Images are to be left out; everything else in the records gets copied exactly.

────────

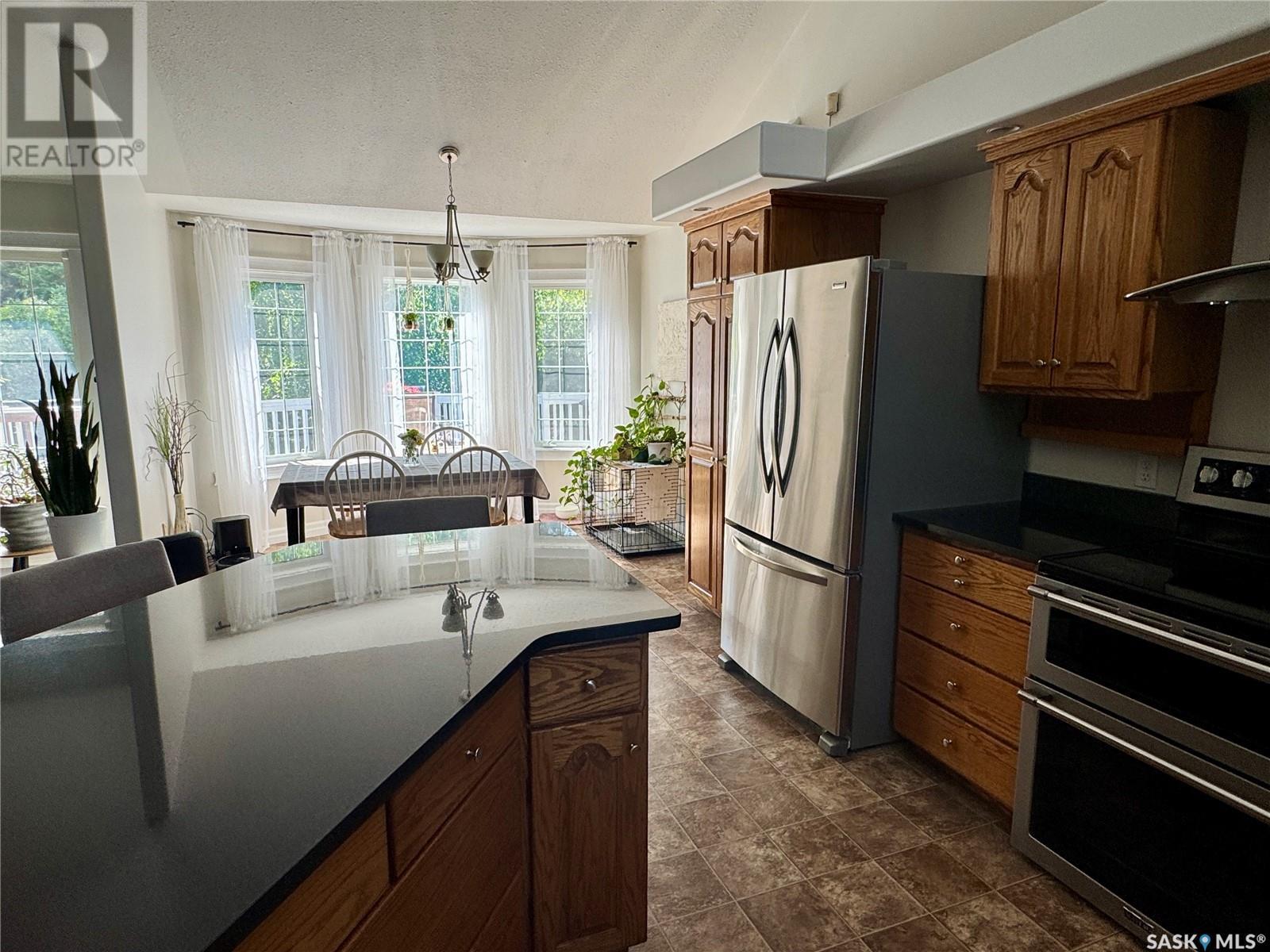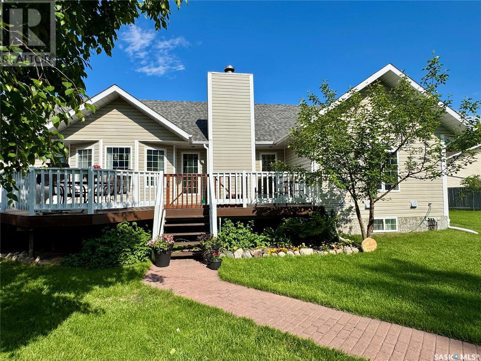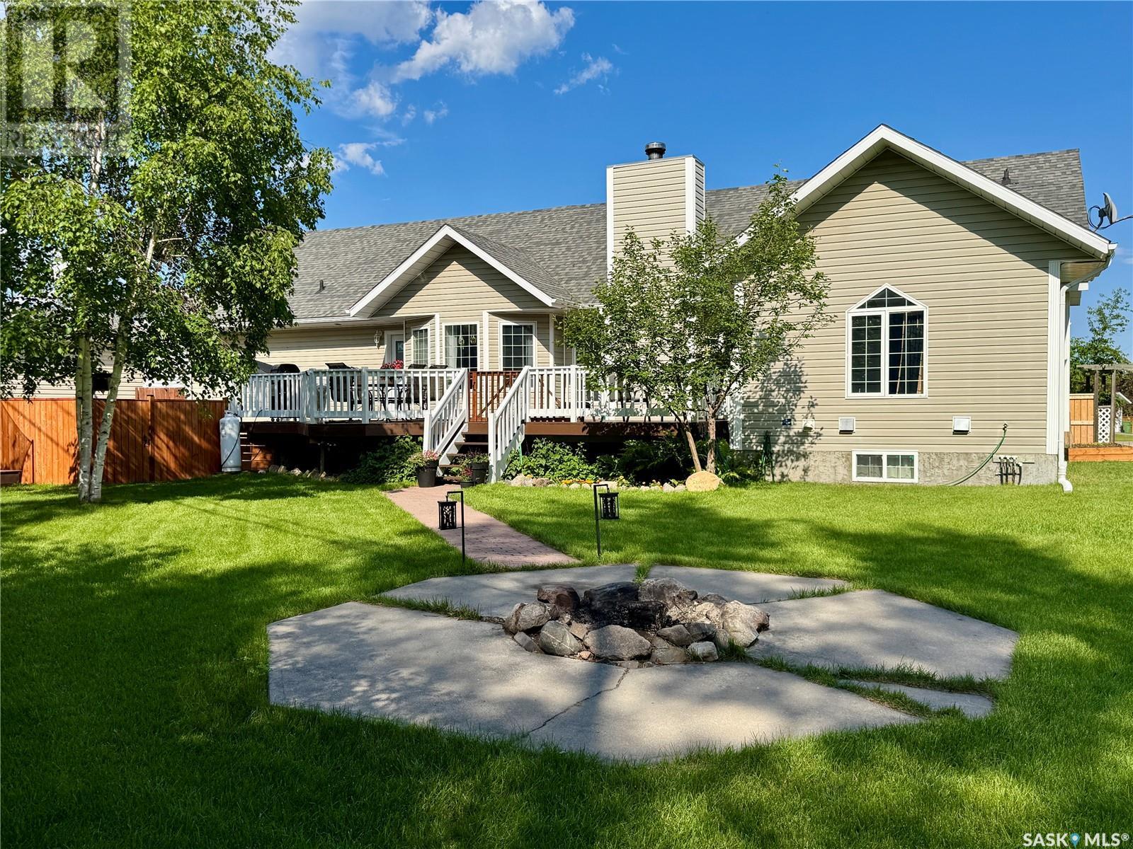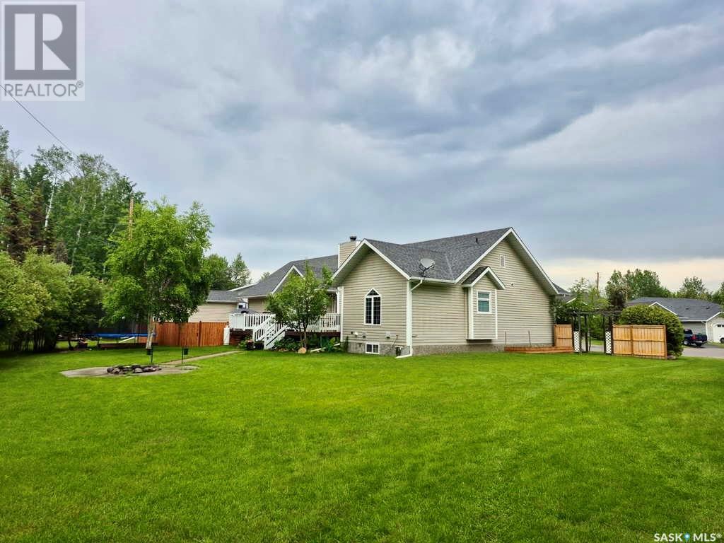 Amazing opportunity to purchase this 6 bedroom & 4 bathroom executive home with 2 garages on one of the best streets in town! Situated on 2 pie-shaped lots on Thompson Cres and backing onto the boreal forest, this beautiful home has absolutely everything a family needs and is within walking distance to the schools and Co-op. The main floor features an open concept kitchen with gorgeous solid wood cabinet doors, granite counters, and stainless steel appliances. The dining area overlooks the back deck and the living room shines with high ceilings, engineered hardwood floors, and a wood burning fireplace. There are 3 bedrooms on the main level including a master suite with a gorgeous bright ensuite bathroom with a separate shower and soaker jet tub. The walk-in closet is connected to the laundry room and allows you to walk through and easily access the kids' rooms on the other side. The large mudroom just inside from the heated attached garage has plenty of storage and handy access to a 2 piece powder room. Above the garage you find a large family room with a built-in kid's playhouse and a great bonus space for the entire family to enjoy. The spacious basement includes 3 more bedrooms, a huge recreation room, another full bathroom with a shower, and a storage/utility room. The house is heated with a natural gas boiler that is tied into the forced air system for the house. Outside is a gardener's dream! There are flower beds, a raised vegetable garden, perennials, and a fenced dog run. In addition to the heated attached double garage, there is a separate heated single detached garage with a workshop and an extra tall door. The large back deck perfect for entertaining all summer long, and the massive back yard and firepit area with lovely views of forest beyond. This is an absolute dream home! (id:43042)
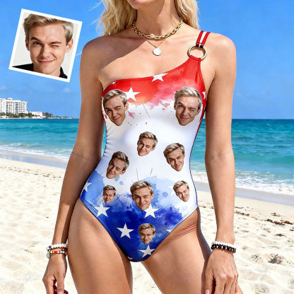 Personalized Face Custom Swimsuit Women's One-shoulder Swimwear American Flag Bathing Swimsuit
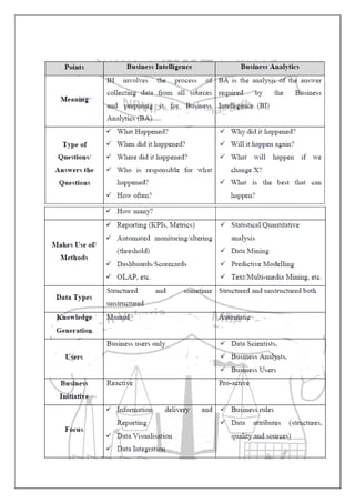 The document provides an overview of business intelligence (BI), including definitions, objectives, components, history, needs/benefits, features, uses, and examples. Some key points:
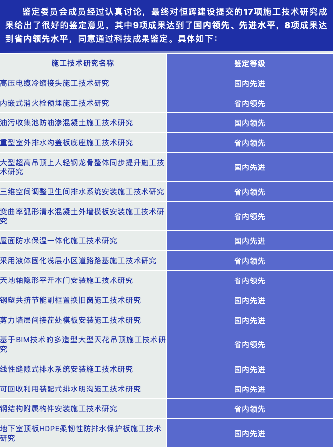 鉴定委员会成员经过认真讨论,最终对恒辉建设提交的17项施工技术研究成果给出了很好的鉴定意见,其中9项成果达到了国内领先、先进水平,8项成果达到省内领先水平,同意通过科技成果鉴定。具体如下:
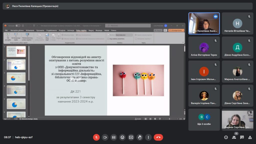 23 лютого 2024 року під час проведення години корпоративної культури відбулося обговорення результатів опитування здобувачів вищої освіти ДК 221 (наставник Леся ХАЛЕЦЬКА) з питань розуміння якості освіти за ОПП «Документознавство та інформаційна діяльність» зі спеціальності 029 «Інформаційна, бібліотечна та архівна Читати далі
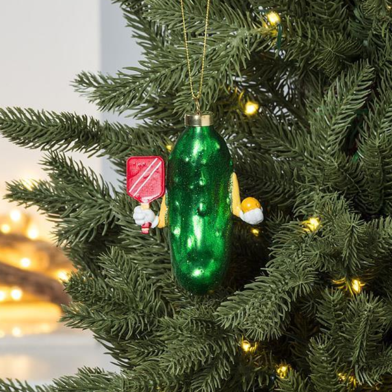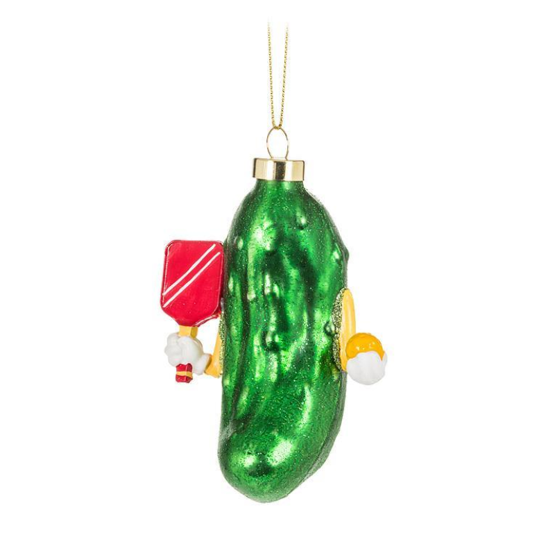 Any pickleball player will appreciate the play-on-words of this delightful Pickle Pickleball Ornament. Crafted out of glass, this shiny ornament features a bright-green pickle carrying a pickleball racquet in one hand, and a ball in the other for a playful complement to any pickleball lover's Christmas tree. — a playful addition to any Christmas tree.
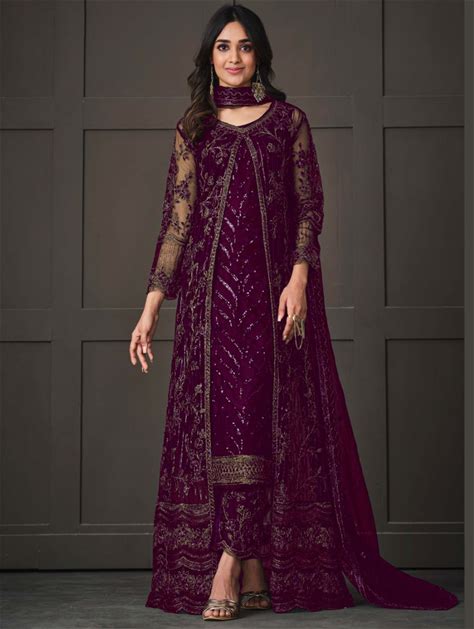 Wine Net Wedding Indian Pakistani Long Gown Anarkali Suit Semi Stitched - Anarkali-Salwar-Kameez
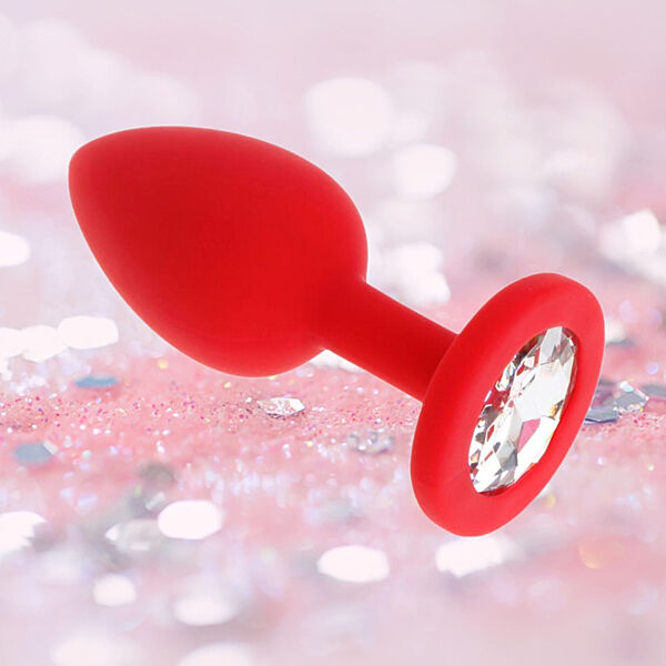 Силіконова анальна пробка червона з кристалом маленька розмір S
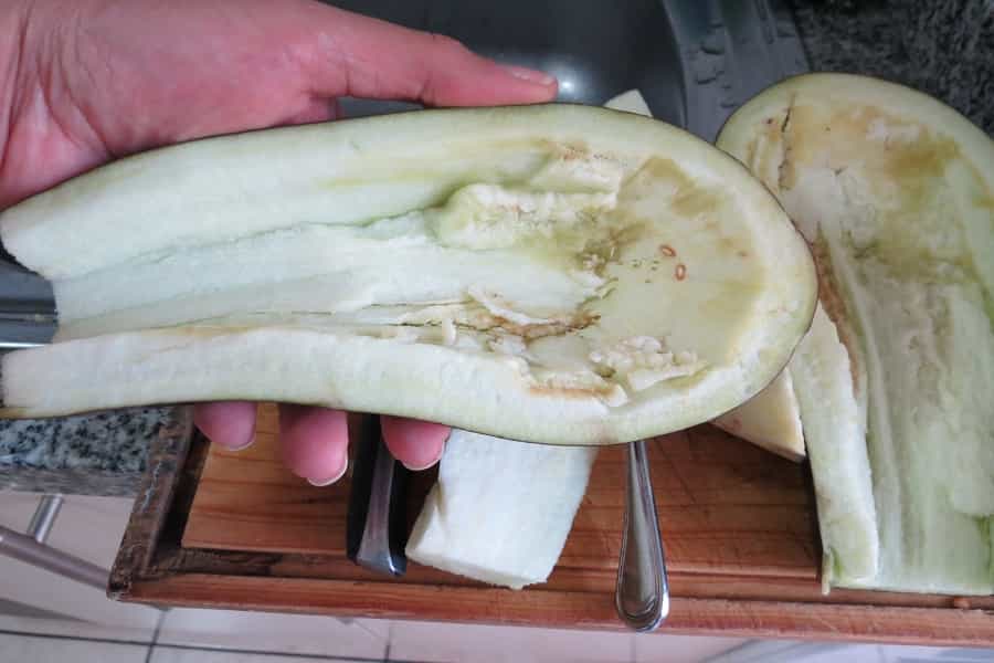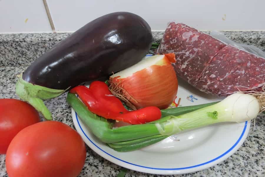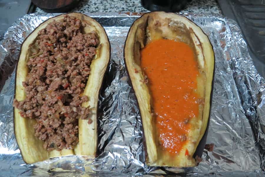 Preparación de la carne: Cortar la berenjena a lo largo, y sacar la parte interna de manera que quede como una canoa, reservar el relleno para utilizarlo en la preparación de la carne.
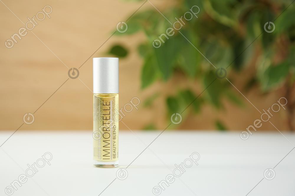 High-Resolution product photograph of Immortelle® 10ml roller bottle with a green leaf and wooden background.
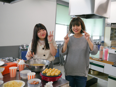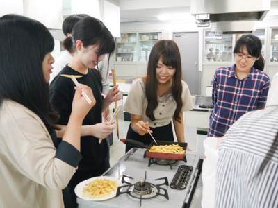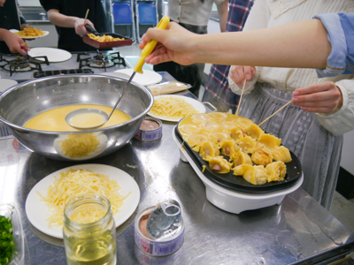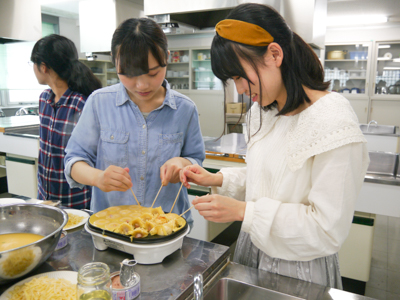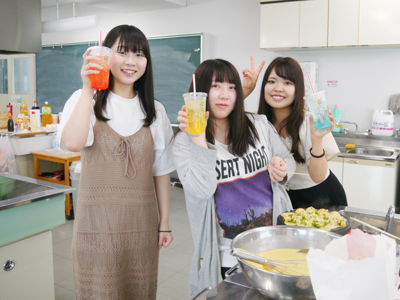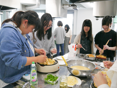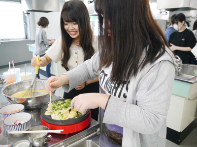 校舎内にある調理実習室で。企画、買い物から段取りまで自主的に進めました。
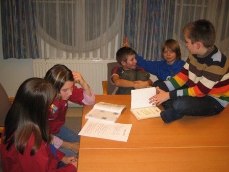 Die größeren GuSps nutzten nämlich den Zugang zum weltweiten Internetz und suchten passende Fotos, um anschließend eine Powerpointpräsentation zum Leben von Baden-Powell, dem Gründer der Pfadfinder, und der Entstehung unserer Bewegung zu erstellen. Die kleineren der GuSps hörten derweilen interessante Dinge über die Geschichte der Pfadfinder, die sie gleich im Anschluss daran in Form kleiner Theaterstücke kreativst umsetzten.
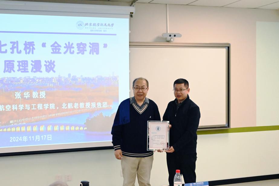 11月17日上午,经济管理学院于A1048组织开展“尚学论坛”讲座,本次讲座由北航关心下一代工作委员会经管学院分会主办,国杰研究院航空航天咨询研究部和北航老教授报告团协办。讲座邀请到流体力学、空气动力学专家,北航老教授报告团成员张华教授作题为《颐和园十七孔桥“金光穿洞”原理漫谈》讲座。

────────

#### Exercise response
 Amazing opportunity to purchase this 6 bedroom & 4 bathroom executive home with 2 garages on one of the best streets in town! Situated on 2 pie-shaped lots on Thompson Cres and backing onto the boreal forest, this beautiful home has absolutely everything a family needs and is within walking distance to the schools and Co-op. The main floor features an open concept kitchen with gorgeous solid wood cabinet doors, granite counters, and stainless steel appliances. The dining area overlooks the back deck and the living room shines with high ceilings, engineered hardwood floors, and a wood burning fireplace. There are 3 bedrooms on the main level including a master suite with a gorgeous bright ensuite bathroom with a separate shower and soaker jet tub. The walk-in closet is connected to the laundry room and allows you to walk through and easily access the kids' rooms on the other side. The large mudroom just inside from the heated attached garage has plenty of storage and handy access to a 2 piece powder room. Above the garage you find a large family room with a built-in kid's playhouse and a great bonus space for the entire family to enjoy. The spacious basement includes 3 more bedrooms, a huge recreation room, another full bathroom with a shower, and a storage/utility room. The house is heated with a natural gas boiler that is tied into the forced air system for the house. Outside is a gardener's dream! There are flower beds, a raised vegetable garden, perennials, and a fenced dog run. In addition to the heated attached double garage, there is a separate heated single detached garage with a workshop and an extra tall door. The large back deck perfect for entertaining all summer long, and the massive back yard and firepit area with lovely views of forest beyond. This is an absolute dream home! (id:43042)
 Personalized Face Custom Swimsuit Women's One-shoulder Swimwear American Flag Bathing Swimsuit
 The document provides an overview of business intelligence (BI), including definitions, objectives, components, history, needs/benefits, features, uses, and examples. Some key points:
 鉴定委员会成员经过认真讨论,最终对恒辉建设提交的17项施工技术研究成果给出了很好的鉴定意见,其中9项成果达到了国内领先、先进水平,8项成果达到省内领先水平,同意通过科技成果鉴定。具体如下:
 23 лютого 2024 року під час проведення години корпоративної культури відбулося обговорення результатів опитування здобувачів вищої освіти ДК 221 (наставник Леся ХАЛЕЦЬКА) з питань розуміння якості освіти за ОПП «Документознавство та інформаційна діяльність» зі спеціальності 029 «Інформаційна, бібліотечна та архівна Читати далі
 Any pickleball player will appreciate the play-on-words of this delightful Pickle Pickleball Ornament. Crafted out of glass, this shiny ornament features a bright-green pickle carrying a pickleball racquet in one hand, and a ball in the other for a playful complement to any pickleball lover's Christmas tree. — a playful addition to any Christmas tree.
 Wine Net Wedding Indian Pakistani Long Gown Anarkali Suit Semi Stitched - Anarkali-Salwar-Kameez
 Силіконова анальна пробка червона з кристалом маленька розмір S
 Preparación de la carne: Cortar la berenjena a lo largo, y sacar la parte interna de manera que quede como una canoa, reservar el relleno para utilizarlo en la preparación de la carne.
 High-Resolution product photograph of Immortelle® 10ml roller bottle with a green leaf and wooden background.
 校舎内にある調理実習室で。企画、買い物から段取りまで自主的に進めました。
 Die größeren GuSps nutzten nämlich den Zugang zum weltweiten Internetz und suchten passende Fotos, um anschließend eine Powerpointpräsentation zum Leben von Baden-Powell, dem Gründer der Pfadfinder, und der Entstehung unserer Bewegung zu erstellen. Die kleineren der GuSps hörten derweilen interessante Dinge über die Geschichte der Pfadfinder, die sie gleich im Anschluss daran in Form kleiner Theaterstücke kreativst umsetzten.
 11月17日上午,经济管理学院于A1048组织开展“尚学论坛”讲座,本次讲座由北航关心下一代工作委员会经管学院分会主办,国杰研究院航空航天咨询研究部和北航老教授报告团协办。讲座邀请到流体力学、空气动力学专家,北航老教授报告团成员张华教授作题为《颐和园十七孔桥“金光穿洞”原理漫谈》讲座。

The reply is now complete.